Modeling Covid-19 infections with Bayesian inference

Exploring Bayesian Inference for modeling Covid-19 infections

Trying out Bayesian inference with PyMC3 on covid data

Disclaimer: this is in no way intended to be relied on! I’m neither an expert in pandemics, and I’m just trying to understand and learn Bayesian Inference better. This was done purely for me to learn something new

It doesn’t respect reactions of the countries, it doesn’t respect the testing capabilities / numbers in the countries, it doesn’t respect real biological models and past research in the field of virology and pandemics.

import pymc3 as pm
import numpy as np
import matplotlib.pyplot as plt
from matplotlib.ticker import StrMethodFormatter
import seaborn as sns
import pandas as pd
import theano
%matplotlib inline
import warnings
from scipy.stats import halfnorm
warnings.filterwarnings('ignore')
WARNING (theano.tensor.blas): Using NumPy C-API based implementation for BLAS functions.

Data based on a dump from a wiki page offering country specific infections.

Data is a snapshot form Kaggle taken from around mid April 2020 and wasn’t updated since!

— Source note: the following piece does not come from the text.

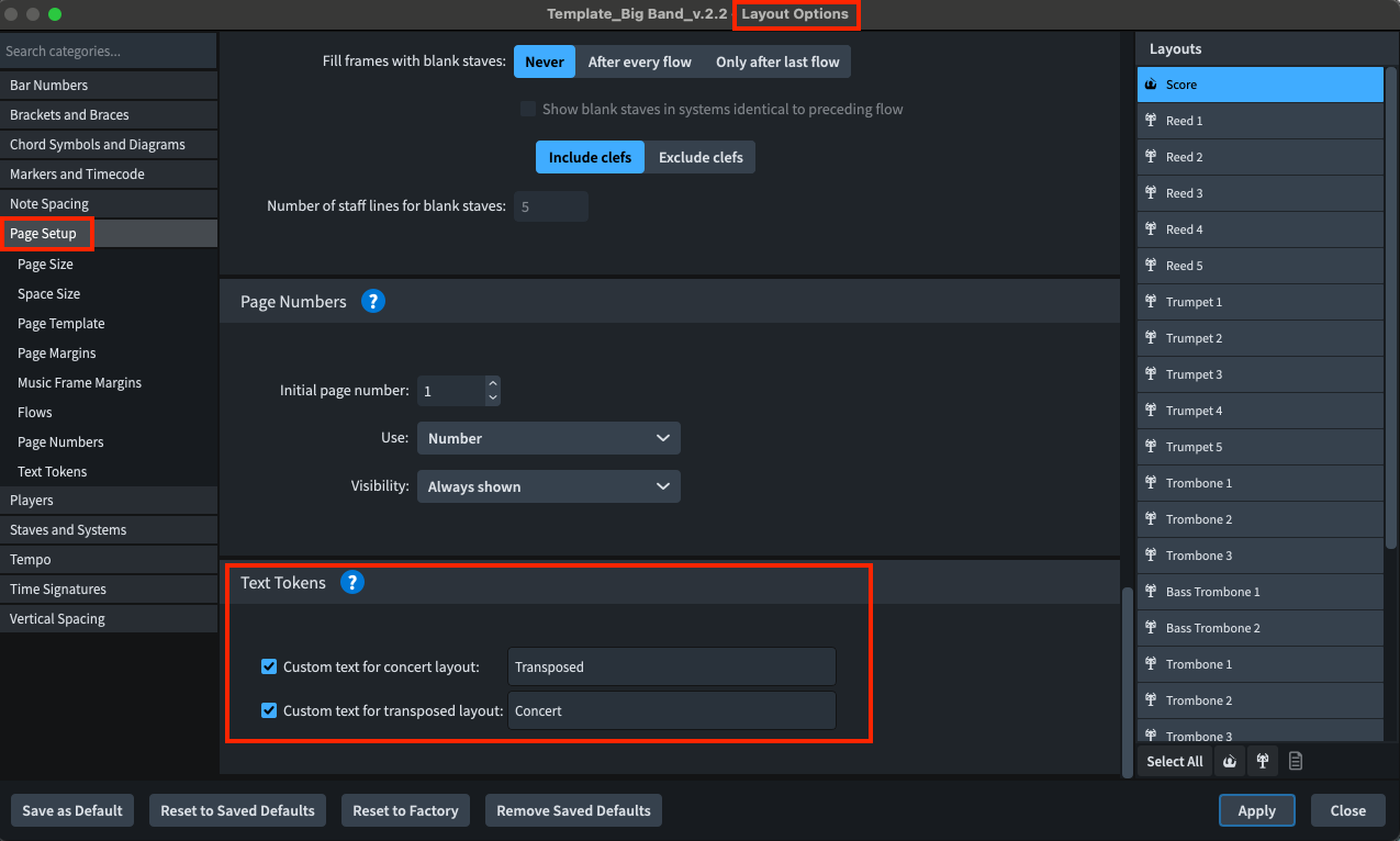 If you have a preferred way to differentiate your transposed and concert scores (for example, some people like to write “in C”), you can do this in Layout Options/Page Setup/Text Tokens (Remember, this will apply to the selected layout on the right side).

To make the data more representative, days before 2000 infections were reached were removed, since there might have been just single hotspots that were under control, also only those timeseries were looked at, that had in it’s current state more than 20.000 infections counted. Furthermore the data was restricted to series of at least 10 days. These restrictions allow to look at a smaller set.

infections = []
countries = {}

MIN_DATES = 10

with open('untitled1.txt', 'r') as csv:
    intermediate = []
    counter = 0
    
    for line in csv:
        
        line = line.strip().split(',')
        country = line[2]+'-'+line[1]
        infection = int(float(line[4]))
        deaths = int(float(line[5]))
#        print(line)
                
        if infection < 2000:
            continue
        if not country in countries:
            countries[country] = 0
            counter = 0
            if len(intermediate) > MIN_DATES and intermediate[-1][2] > 20000:
                for i in intermediate:
                    infections.append(i)
                
            intermediate = []
        counter += 1
        intermediate.append([country, counter, infection, deaths])
    if len(intermediate) > MIN_DATES:
        for i in intermediate:
            infections.append(i)


        
full_df = None
full_df = pd.DataFrame(infections, columns=['country', 'day', 'infections', 'deaths'])
full_df = full_df.astype({'day': 'int32', 'infections': 'int32', 'deaths': 'int32'})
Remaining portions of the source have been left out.